[TASK STATEMENT] All the entries need to be duplicated exactly, with the pictures omitted.

════════════════════

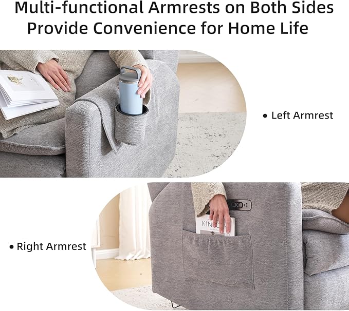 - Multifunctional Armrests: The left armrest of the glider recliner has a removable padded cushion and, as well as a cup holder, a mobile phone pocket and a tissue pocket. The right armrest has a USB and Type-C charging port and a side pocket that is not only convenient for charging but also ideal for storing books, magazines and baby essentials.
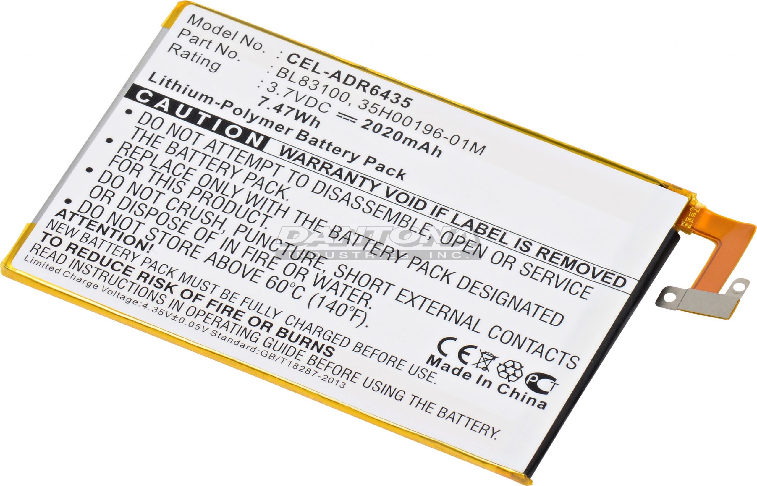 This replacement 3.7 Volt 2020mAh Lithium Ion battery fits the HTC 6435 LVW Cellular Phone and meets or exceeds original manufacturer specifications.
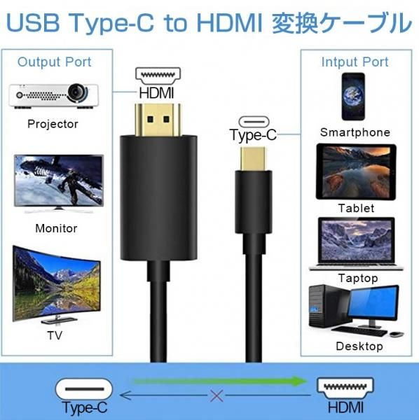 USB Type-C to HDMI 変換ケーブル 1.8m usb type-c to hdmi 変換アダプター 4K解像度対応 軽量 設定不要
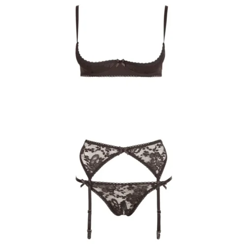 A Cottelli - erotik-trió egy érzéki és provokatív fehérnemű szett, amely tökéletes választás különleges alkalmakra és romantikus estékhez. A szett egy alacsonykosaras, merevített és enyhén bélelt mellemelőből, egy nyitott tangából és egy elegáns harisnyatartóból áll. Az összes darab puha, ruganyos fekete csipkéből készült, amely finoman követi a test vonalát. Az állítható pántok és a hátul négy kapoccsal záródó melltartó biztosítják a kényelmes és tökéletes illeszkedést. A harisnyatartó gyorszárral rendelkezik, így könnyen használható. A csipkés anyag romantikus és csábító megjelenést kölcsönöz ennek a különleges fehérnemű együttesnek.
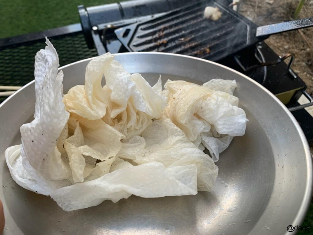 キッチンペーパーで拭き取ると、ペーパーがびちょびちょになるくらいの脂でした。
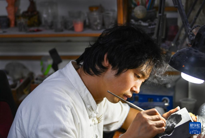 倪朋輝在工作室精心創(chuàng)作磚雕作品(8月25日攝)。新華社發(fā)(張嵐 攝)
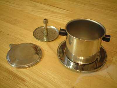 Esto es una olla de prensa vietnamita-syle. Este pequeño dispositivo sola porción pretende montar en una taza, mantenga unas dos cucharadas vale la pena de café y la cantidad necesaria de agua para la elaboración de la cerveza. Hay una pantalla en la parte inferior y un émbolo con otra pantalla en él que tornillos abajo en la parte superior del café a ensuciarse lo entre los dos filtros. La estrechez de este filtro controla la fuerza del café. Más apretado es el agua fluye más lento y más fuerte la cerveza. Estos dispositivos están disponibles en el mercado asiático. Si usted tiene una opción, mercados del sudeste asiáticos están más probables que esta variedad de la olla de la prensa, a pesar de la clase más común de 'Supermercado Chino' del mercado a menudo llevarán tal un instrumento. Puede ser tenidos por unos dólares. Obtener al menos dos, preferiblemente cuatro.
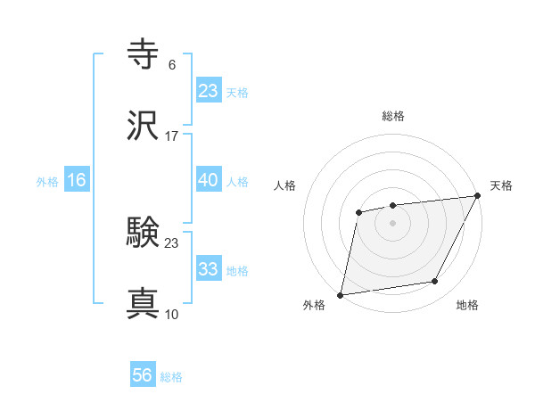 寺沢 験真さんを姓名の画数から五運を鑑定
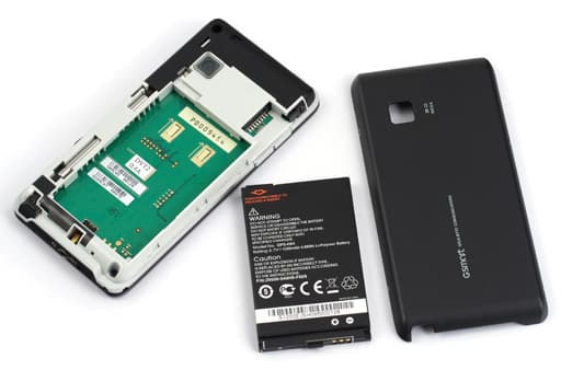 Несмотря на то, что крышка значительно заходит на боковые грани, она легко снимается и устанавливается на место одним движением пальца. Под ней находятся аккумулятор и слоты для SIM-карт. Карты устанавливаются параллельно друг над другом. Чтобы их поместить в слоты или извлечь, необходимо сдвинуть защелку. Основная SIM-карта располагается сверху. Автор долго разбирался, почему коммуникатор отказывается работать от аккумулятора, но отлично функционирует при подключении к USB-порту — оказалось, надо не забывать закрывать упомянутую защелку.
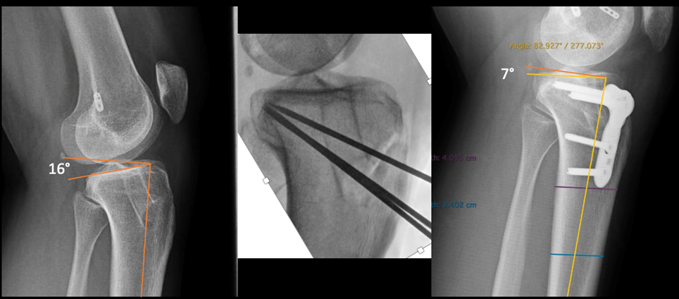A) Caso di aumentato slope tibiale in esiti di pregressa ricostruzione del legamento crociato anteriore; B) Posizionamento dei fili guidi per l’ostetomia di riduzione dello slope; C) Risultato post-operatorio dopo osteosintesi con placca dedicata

════════════════════

[EXERCISE OUTPUT]
 - Multifunctional Armrests: The left armrest of the glider recliner has a removable padded cushion and, as well as a cup holder, a mobile phone pocket and a tissue pocket. The right armrest has a USB and Type-C charging port and a side pocket that is not only convenient for charging but also ideal for storing books, magazines and baby essentials.
 This replacement 3.7 Volt 2020mAh Lithium Ion battery fits the HTC 6435 LVW Cellular Phone and meets or exceeds original manufacturer specifications.
 USB Type-C to HDMI 変換ケーブル 1.8m usb type-c to hdmi 変換アダプター 4K解像度対応 軽量 設定不要
 A Cottelli - erotik-trió egy érzéki és provokatív fehérnemű szett, amely tökéletes választás különleges alkalmakra és romantikus estékhez. A szett egy alacsonykosaras, merevített és enyhén bélelt mellemelőből, egy nyitott tangából és egy elegáns harisnyatartóból áll. Az összes darab puha, ruganyos fekete csipkéből készült, amely finoman követi a test vonalát. Az állítható pántok és a hátul négy kapoccsal záródó melltartó biztosítják a kényelmes és tökéletes illeszkedést. A harisnyatartó gyorszárral rendelkezik, így könnyen használható. A csipkés anyag romantikus és csábító megjelenést kölcsönöz ennek a különleges fehérnemű együttesnek.
 キッチンペーパーで拭き取ると、ペーパーがびちょびちょになるくらいの脂でした。
 倪朋輝在工作室精心創(chuàng)作磚雕作品(8月25日攝)。新華社發(fā)(張嵐 攝)
 Esto es una olla de prensa vietnamita-syle. Este pequeño dispositivo sola porción pretende montar en una taza, mantenga unas dos cucharadas vale la pena de café y la cantidad necesaria de agua para la elaboración de la cerveza. Hay una pantalla en la parte inferior y un émbolo con otra pantalla en él que tornillos abajo en la parte superior del café a ensuciarse lo entre los dos filtros. La estrechez de este filtro controla la fuerza del café. Más apretado es el agua fluye más lento y más fuerte la cerveza. Estos dispositivos están disponibles en el mercado asiático. Si usted tiene una opción, mercados del sudeste asiáticos están más probables que esta variedad de la olla de la prensa, a pesar de la clase más común de 'Supermercado Chino' del mercado a menudo llevarán tal un instrumento. Puede ser tenidos por unos dólares. Obtener al menos dos, preferiblemente cuatro.
 寺沢 験真さんを姓名の画数から五運を鑑定
 Несмотря на то, что крышка значительно заходит на боковые грани, она легко снимается и устанавливается на место одним движением пальца. Под ней находятся аккумулятор и слоты для SIM-карт. Карты устанавливаются параллельно друг над другом. Чтобы их поместить в слоты или извлечь, необходимо сдвинуть защелку. Основная SIM-карта располагается сверху. Автор долго разбирался, почему коммуникатор отказывается работать от аккумулятора, но отлично функционирует при подключении к USB-порту — оказалось, надо не забывать закрывать упомянутую защелку.
A) Caso di aumentato slope tibiale in esiti di pregressa ricostruzione del legamento crociato anteriore; B) Posizionamento dei fili guidi per l’ostetomia di riduzione dello slope; C) Risultato post-operatorio dopo osteosintesi con placca dedicata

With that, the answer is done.